[Collected data entries]

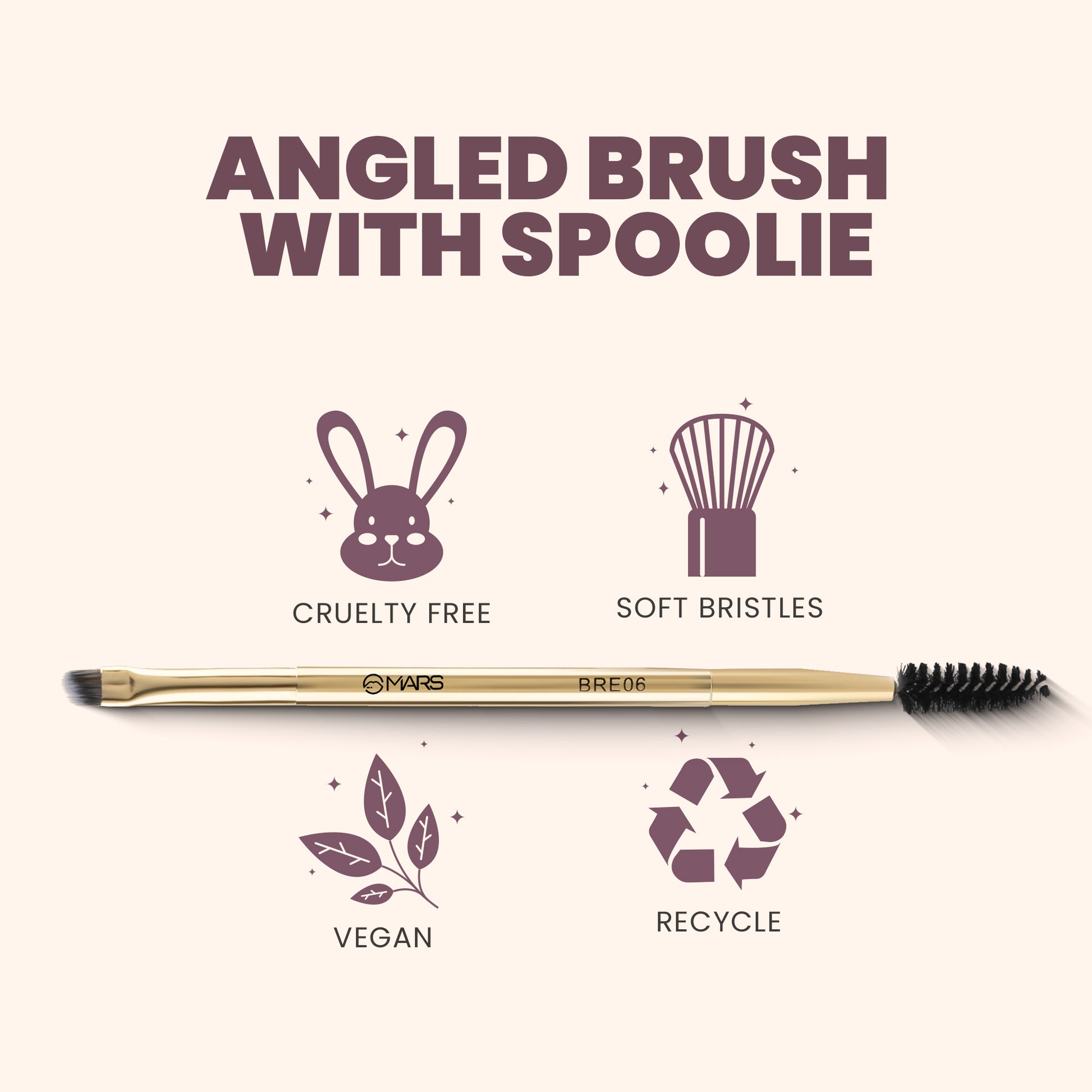 MARS Angled Brush with Spoolie is a dual ended brush. The angled side can be used for multiple uses like eyebrow filling and eyeliner application. The spoolie end is used to brush the eyebrows.
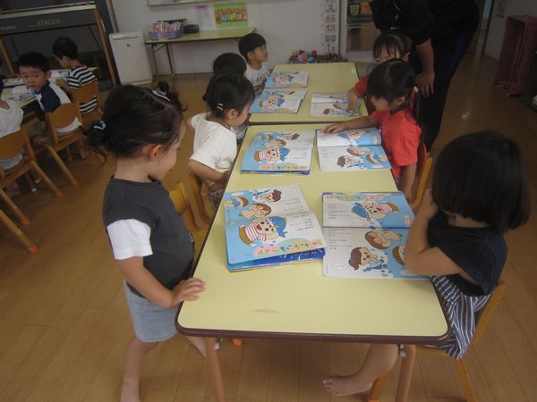 七夕のシール貼りをしたり、ひまわりと手の大きさ比べをしたり、楽しく読みました♪
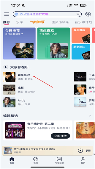 1、在咪咕音乐首页,找到想要设置为彩铃的歌曲,点击该歌曲进入播放页面。
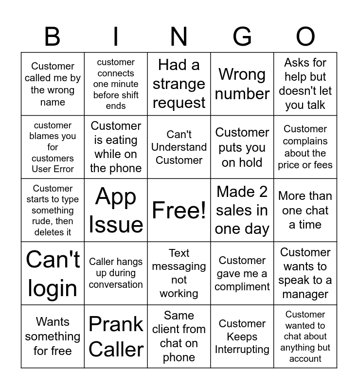 This bingo card has a free space and 24 words: Caller hangs up during conversation, Prank Caller, Can't Understand Customer, Wants something for free, Asks for help but doesn't let you talk, Customer called me by the wrong name, customer blames you for customers User Error, customer connects one minute before shift ends, Made 2 sales in one day, Text messaging not working, Customer puts you on hold, Customer starts to type something rude, then deletes it, Customer gave me a compliment, Customer wants to speak to a manager, Customer is eating while on the phone, Customer Keeps Interrupting, More than one chat a time, Had a strange request, Customer complains about the price or fees, App Issue, Customer wanted to chat about anything but account, Can't login, Wrong number and Same client from chat on phone.
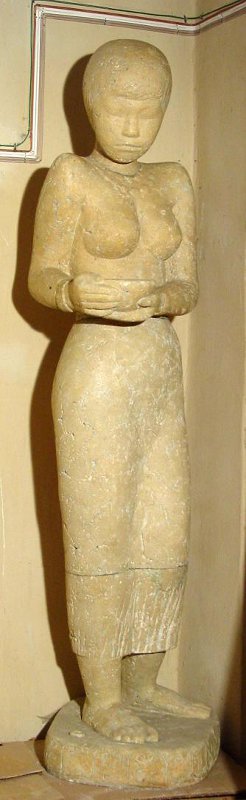 Скульптура представляет фигуру стоящей молодой девушки. Голова слегка повёрнута к правому плечу, лицо широкое и немного приплюснутое. Волосы короткие. Девушка одета в длинную юбку. На шее находится ожерелье, состоящее из двух рядов, а на руках надеты браслеты. Талия стянута ремешком. Фигура установлена на основании прямоугольной формы со сглаженными углами. По торцу основания нанесён растительный орнамент и присутствует надпись « ». Размеры скульптуры составляют 162х54,5х45 см.
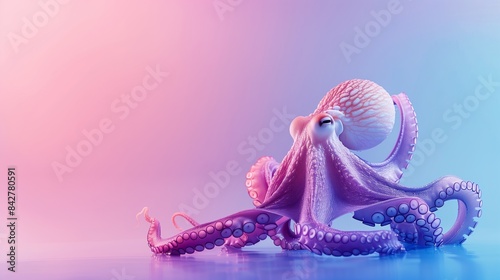 Colorful Octopus on Minimalist Gradient Background with Copy Space
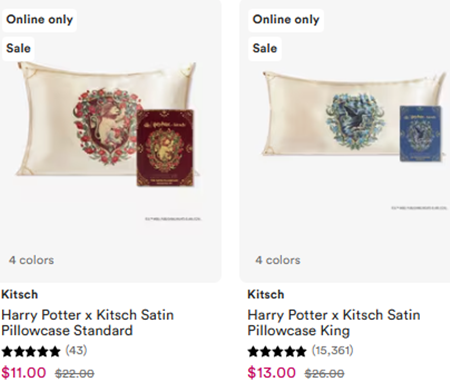 For more Hogwarts theming, Harry Potter x Kitsch Satin Pillowcases are 50% off on the Ulta site. Keep a lookout for more deals during their Fall Haul sale, which begins tomorrow!

Prompt
Your task is to return the lines above, from the first one up to and including the line containing "1、在咪咕音乐首页,找到想要设置为彩铃的歌曲,点击该歌曲进入播放页面。", minus any pictures.

Result of the task
 MARS Angled Brush with Spoolie is a dual ended brush. The angled side can be used for multiple uses like eyebrow filling and eyeliner application. The spoolie end is used to brush the eyebrows.
 七夕のシール貼りをしたり、ひまわりと手の大きさ比べをしたり、楽しく読みました♪
 1、在咪咕音乐首页,找到想要设置为彩铃的歌曲,点击该歌曲进入播放页面。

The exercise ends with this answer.